'''

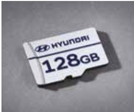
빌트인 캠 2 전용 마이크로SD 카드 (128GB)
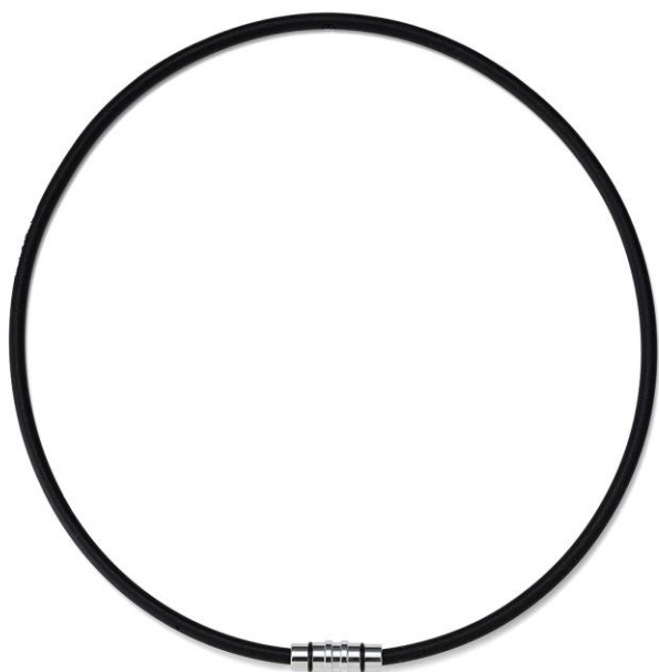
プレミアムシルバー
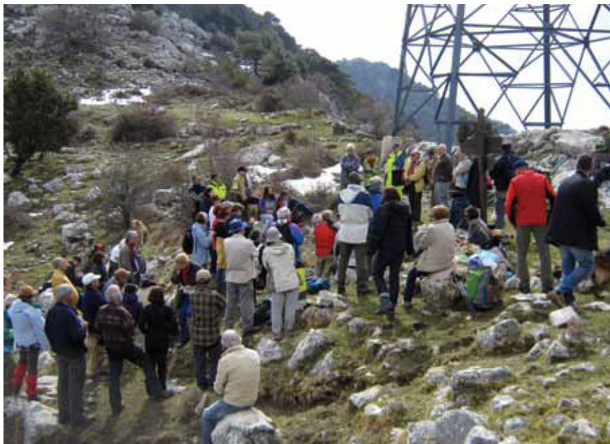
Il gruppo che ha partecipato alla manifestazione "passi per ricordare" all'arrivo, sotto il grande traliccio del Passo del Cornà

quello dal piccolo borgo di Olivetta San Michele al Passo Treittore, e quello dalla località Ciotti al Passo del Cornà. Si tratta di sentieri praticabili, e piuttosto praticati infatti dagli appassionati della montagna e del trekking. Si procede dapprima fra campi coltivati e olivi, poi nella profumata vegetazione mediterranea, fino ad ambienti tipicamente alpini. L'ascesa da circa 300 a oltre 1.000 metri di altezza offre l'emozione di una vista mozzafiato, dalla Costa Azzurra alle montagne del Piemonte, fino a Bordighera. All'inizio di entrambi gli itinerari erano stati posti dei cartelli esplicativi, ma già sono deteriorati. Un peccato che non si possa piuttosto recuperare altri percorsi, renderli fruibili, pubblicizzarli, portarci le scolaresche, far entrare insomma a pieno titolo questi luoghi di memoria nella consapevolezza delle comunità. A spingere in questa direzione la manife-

'''
'''

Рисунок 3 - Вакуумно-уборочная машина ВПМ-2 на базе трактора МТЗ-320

'''
'''

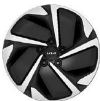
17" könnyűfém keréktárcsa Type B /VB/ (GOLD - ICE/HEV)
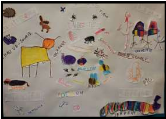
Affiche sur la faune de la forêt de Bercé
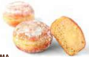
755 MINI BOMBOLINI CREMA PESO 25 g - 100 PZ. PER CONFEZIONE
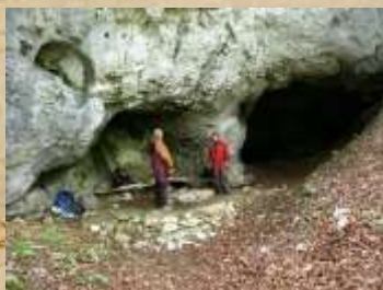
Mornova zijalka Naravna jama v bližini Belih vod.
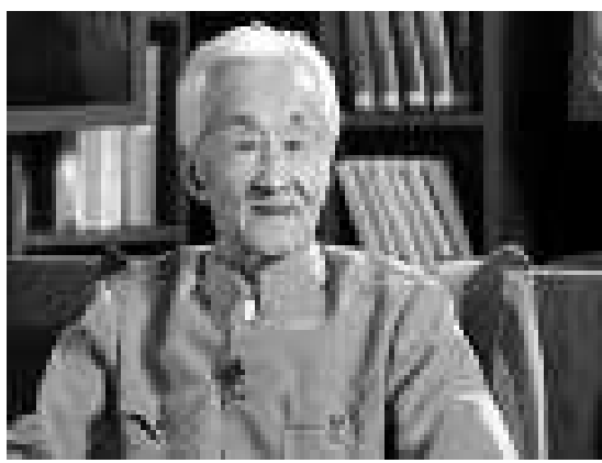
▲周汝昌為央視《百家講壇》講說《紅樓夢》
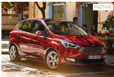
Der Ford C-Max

'''

Which lines hold the word "Passo"? Return all of them from the records above.

Il gruppo che ha partecipato alla manifestazione "passi per ricordare" all'arrivo, sotto il grande traliccio del Passo del Cornà
quello dal piccolo borgo di Olivetta San Michele al Passo Treittore, e quello dalla località Ciotti al Passo del Cornà. Si tratta di sentieri praticabili, e piuttosto praticati infatti dagli appassionati della montagna e del trekking. Si procede dapprima fra campi coltivati e olivi, poi nella profumata vegetazione mediterranea, fino ad ambienti tipicamente alpini. L'ascesa da circa 300 a oltre 1.000 metri di altezza offre l'emozione di una vista mozzafiato, dalla Costa Azzurra alle montagne del Piemonte, fino a Bordighera. All'inizio di entrambi gli itinerari erano stati posti dei cartelli esplicativi, ma già sono deteriorati. Un peccato che non si possa piuttosto recuperare altri percorsi, renderli fruibili, pubblicizzarli, portarci le scolaresche, far entrare insomma a pieno titolo questi luoghi di memoria nella consapevolezza delle comunità. A spingere in questa direzione la manife-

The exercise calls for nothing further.